EXERCISE DATA
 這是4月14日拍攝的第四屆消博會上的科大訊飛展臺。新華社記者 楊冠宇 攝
---
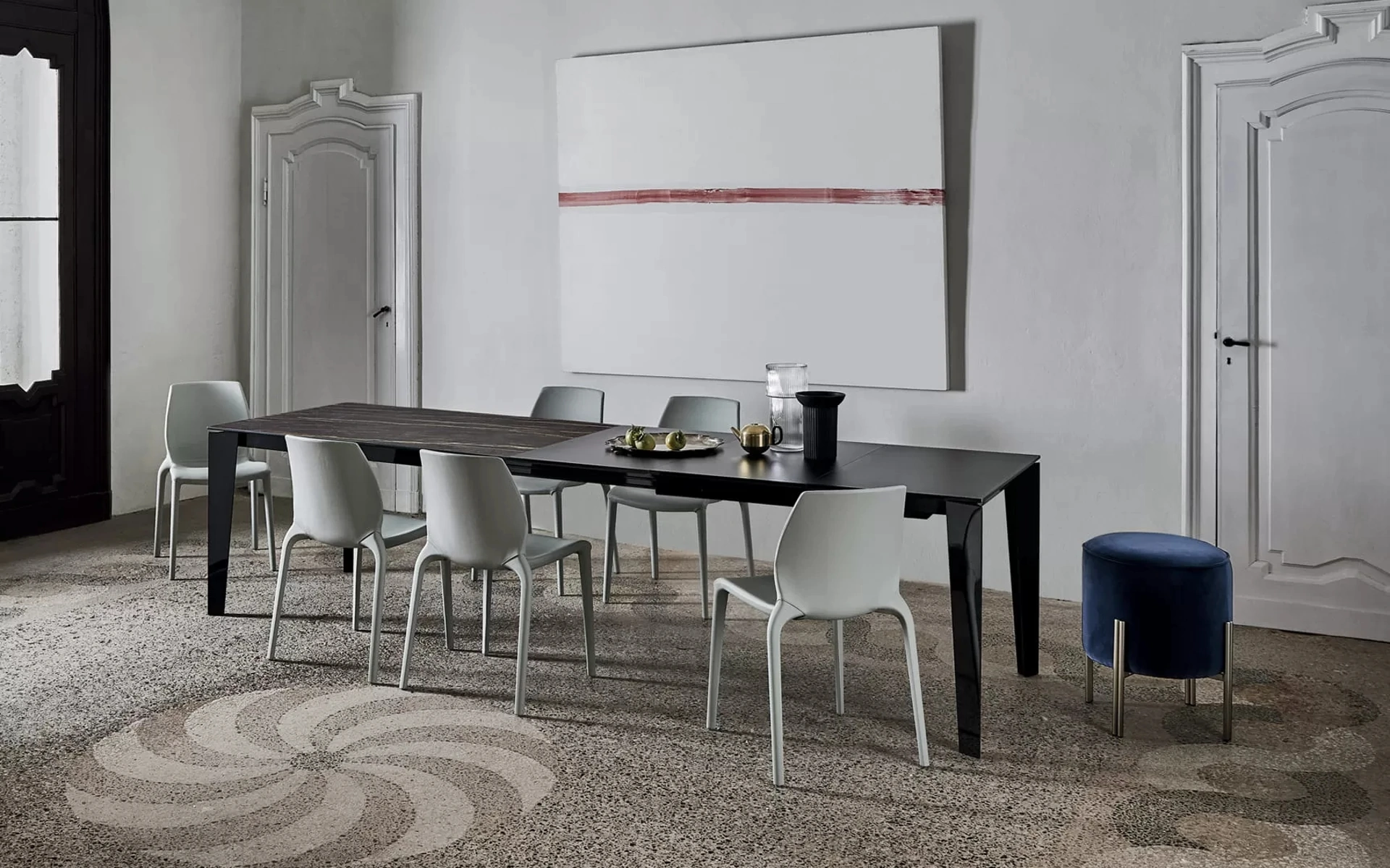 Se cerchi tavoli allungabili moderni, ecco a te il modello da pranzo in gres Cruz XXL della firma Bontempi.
==
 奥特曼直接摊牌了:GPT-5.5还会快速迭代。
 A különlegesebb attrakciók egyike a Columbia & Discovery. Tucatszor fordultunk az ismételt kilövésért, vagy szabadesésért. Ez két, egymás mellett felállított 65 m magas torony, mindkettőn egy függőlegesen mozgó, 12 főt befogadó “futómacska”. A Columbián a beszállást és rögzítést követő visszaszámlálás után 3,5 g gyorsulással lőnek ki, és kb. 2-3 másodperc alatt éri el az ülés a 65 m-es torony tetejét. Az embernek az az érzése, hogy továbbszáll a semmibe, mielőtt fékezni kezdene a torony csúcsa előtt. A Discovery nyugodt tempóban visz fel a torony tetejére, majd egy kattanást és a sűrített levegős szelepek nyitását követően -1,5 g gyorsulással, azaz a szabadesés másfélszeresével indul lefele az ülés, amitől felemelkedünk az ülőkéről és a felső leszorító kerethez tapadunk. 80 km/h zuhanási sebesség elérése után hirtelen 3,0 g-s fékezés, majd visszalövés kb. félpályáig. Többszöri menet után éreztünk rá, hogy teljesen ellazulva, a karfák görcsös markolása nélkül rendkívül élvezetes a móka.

EXERCISE INSTRUCTIONS
What you give back should be only the lines of the records above, starting at the line with "奥特曼直接摊牌了:GPT-5.5还会快速迭代。" and ending at the line with "A különlegesebb attrakciók", restated word for word.

WRITTEN ANSWER
 奥特曼直接摊牌了:GPT-5.5还会快速迭代。
 A különlegesebb attrakciók egyike a Columbia & Discovery. Tucatszor fordultunk az ismételt kilövésért, vagy szabadesésért. Ez két, egymás mellett felállított 65 m magas torony, mindkettőn egy függőlegesen mozgó, 12 főt befogadó “futómacska”. A Columbián a beszállást és rögzítést követő visszaszámlálás után 3,5 g gyorsulással lőnek ki, és kb. 2-3 másodperc alatt éri el az ülés a 65 m-es torony tetejét. Az embernek az az érzése, hogy továbbszáll a semmibe, mielőtt fékezni kezdene a torony csúcsa előtt. A Discovery nyugodt tempóban visz fel a torony tetejére, majd egy kattanást és a sűrített levegős szelepek nyitását követően -1,5 g gyorsulással, azaz a szabadesés másfélszeresével indul lefele az ülés, amitől felemelkedünk az ülőkéről és a felső leszorító kerethez tapadunk. 80 km/h zuhanási sebesség elérése után hirtelen 3,0 g-s fékezés, majd visszalövés kb. félpályáig. Többszöri menet után éreztünk rá, hogy teljesen ellazulva, a karfák görcsös markolása nélkül rendkívül élvezetes a móka.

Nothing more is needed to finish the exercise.